Then there was the man
who drove the pale blue sports coupé,
who’d pull in to the kerb
on that debilitating hill,
where it was almost more
than I could bear to carry you –
hungry for closer contact
on the way to child care as you were,
resisting the impending separation
at the all-day crèche – and just as arms
and lungs approached an agonising
pitch of stress, he’d pull in to the kerb:
tweed cap, a beard, a smile, très debonair.
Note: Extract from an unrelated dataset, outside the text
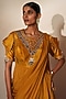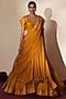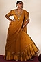 Featuring a golden yellow anarkali in silk and organza base with dori-marodi and jadau hand embroidery, including draped sleeves and asymmetric hemline. It is paired with an organza skirt and dupatta. Perfect for receptions, festive soirees, or evening celebrations, this ensemble captures the artistry of heritage couture reimagined for woman.

Without turning a hair, although
we must have looked incongruous,
he’d drop us at the crèche
and then glide off towards that private
school for boys, an English master
in the guise of new-age errant knight.
We never learned each other’s names.
The stranger’s unexpected kindness,
my relief at being spared from carrying
your weight uphill, remained our sole
exchange, at once ephemeral, indelible:
moments when the burden of lone
parenthood was shared.
Jena Woodhouse
Brisbane, Qld
Our winning poem
Jena says: “At the time recalled in this poem, I was working and studying and my daughter was in childcare so regrettably, we didn’t have much time together. I’d been very ill with eclampsia, in a coma for five days, while my daughter, born two months prematurely, also survived by what seemed like a miracle. So while we lived precariously, there was no time or energy to contemplate that fact. We survived. The gleaming sports car from another world, with its kindly driver, was like an apparition from a contemporary fairytale.”